A look at a recursive factorial function
Let’s first look at an issue with recursion, so that we can later fix it using tail recursion. For this we’ll make use of the classic introduction to recursion, the factorial function:
def factorial(n): if (n == 0): return 1 return n * factorial(n - 1)
Let’s look how this function works step by step:
factorial(5) => 5 * factorial(4) => 5 * (4 * factorial(3)) => 5 * (4 * (3 * factorial(2))) => 5 * (4 * (3 * (2 * factorial(1)))) => 5 * (4 * (3 * (2 * (1 * factorial(0))))) # base case => 5 * (4 * (3 * (2 * (1 * (1))))) => 5 * (4 * (3 * (2 * (1)))) => 5 * (4 * (3 * (2))) => 5 * (4 * (6)) => 5 * (24) => 120
This function works correctly, but has an issue common to many recursive functions. Each time you make a call to a function your language has to store the arguments passed in the call as well as the local variables used in the function somewhere, at least until the function finished. With recursion, we have a function that just does a small step and then calls itself over and over again, each time requiring new memory for it. So this memory overhead of function calls becomes more prominent compared to iterative functions and can become a problem.
For example the line
5 * (4 * (3 * (2 * (1 * (1))))) has 5 sets of parenthesis meaning that it has to store the data for 5 different function calls.

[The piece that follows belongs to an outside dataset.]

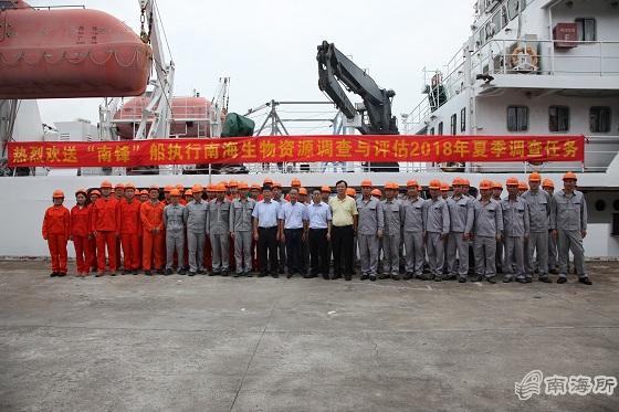 8?7日上午,中国水产科学研究院南海水产研究所“南锋”号调查船和“中科渔301”号(原“南?”号)调查船同时从广州启航,前往南海中南部海域执行农业农村部财政项目“南海生物资源调查与评估”(简称“南锋专项Ⅱ期”)2018年夏季航次调查任务。南海所所长江世贵,副所长杨北胜、李纯厚,党委副书记陈水胜和相关处室负责同志、职工代表等到新洲码头欢送全体出海队员?/p>

Additionally, the memory used for this function overhead is relatively limited and once you exceed it you’ll get a crash.
Now arguably this is just a toy function as an example and likely won’t be called often enough to create an issue due to function call overhead, but other kind of recursive functions or extensive use of recursion across a project could very well lead to such an issue.
Rewriting it as tail recursive function
Now that we’ve seen that the above recursive functions could potentially create a memory issue let’s look at how a tail recursive version would look like and why it would fix this issue. For this I’ll jump straight to showing the tail recursive function. If the code snippet seems confusing to you don’t worry, we’ll talk through it afterwards and see how this fixes the memory overhead issue.
def factorial(n): def impl(n, accumulator): if (n == 0): return accumulator return impl(n - 1, n * accumulator) return impl(n, 1)
First a little style explanation, to make the factorial function tail recursive we need to take an extra function argument, but I didn’t want to make the interface more complicated. So we left the
factorial function the same on the outside taking a single argument and made a local
impl function that has the extra argument we need and does the actual work. The
factorial is nothing more than a simple wrapper that calls
impl with the initial arguments.
Using one or multiple extra arguments as “accumulators” is a common strategy to convert functions into tail recursive form.
Now before we talk about what it means to be tail recursive in detail and how this above implementation fixes the memory issue let’s step through the function again to see if it still works:
factorial(5) => impl(5, 1) impl(5, 1) => impl(5 - 1, 5 * 1) impl(4, 5) => impl(4 - 1, 4 * 5) impl(3, 20) => impl(3 - 1, 3 * 20) impl(2, 60) => impl(2 - 1, 2 * 60) impl(1, 120) => impl(1 - 1, 1 * 120) impl(0, 120) => 120
I’ve decided to write the step by step update a bit more detailed, showing both the calculations in the function call and what the function call actually looks like.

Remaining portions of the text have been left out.